▶ Required work: The reply should hold only the lines below beginning at the one with "钢塑复合土工格栅以高强钢丝(或其他纤维)" and ending at the one with "Существует несколько вариантов, как", copied exactly, with every picture left out.

───── Given information

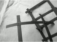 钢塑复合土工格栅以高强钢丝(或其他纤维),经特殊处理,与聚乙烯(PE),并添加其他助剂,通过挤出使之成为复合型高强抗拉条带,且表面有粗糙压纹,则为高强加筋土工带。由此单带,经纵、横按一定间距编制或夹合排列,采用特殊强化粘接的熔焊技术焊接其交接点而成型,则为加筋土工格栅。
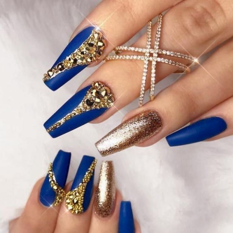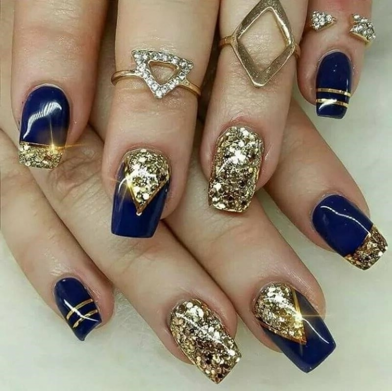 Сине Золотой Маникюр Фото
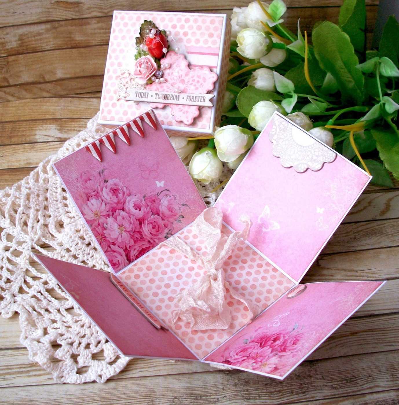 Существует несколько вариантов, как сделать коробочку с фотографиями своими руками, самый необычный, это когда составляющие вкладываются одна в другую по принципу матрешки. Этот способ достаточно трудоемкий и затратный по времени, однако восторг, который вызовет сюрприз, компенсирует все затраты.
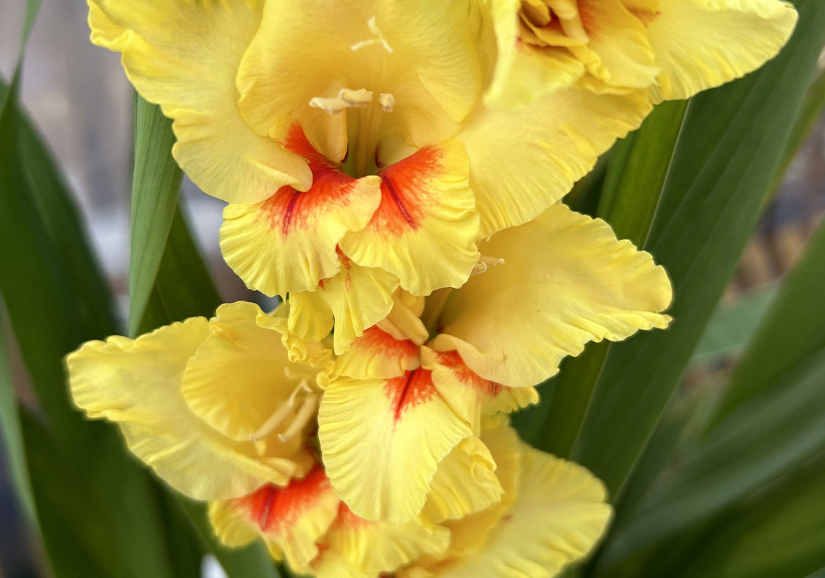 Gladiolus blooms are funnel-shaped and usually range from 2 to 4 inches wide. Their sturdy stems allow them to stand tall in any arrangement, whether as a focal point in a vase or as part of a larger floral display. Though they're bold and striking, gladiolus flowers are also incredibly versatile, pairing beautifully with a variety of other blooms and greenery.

──────────
───── Given information

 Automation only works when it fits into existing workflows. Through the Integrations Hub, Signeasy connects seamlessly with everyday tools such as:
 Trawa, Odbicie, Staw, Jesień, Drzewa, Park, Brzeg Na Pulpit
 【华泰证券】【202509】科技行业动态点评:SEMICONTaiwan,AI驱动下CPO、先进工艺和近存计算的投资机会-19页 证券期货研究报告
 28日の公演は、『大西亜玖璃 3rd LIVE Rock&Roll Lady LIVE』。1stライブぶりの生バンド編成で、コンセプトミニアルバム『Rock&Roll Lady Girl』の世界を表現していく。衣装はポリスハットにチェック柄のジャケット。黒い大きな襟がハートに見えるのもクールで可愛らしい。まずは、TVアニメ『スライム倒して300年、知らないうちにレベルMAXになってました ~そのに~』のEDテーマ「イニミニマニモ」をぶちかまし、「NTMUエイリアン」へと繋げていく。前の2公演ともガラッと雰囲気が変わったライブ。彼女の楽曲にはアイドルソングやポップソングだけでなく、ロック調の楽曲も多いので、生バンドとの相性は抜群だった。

──────────

▶ Solution:
 钢塑复合土工格栅以高强钢丝(或其他纤维),经特殊处理,与聚乙烯(PE),并添加其他助剂,通过挤出使之成为复合型高强抗拉条带,且表面有粗糙压纹,则为高强加筋土工带。由此单带,经纵、横按一定间距编制或夹合排列,采用特殊强化粘接的熔焊技术焊接其交接点而成型,则为加筋土工格栅。
 Сине Золотой Маникюр Фото
 Существует несколько вариантов, как сделать коробочку с фотографиями своими руками, самый необычный, это когда составляющие вкладываются одна в другую по принципу матрешки. Этот способ достаточно трудоемкий и затратный по времени, однако восторг, который вызовет сюрприз, компенсирует все затраты.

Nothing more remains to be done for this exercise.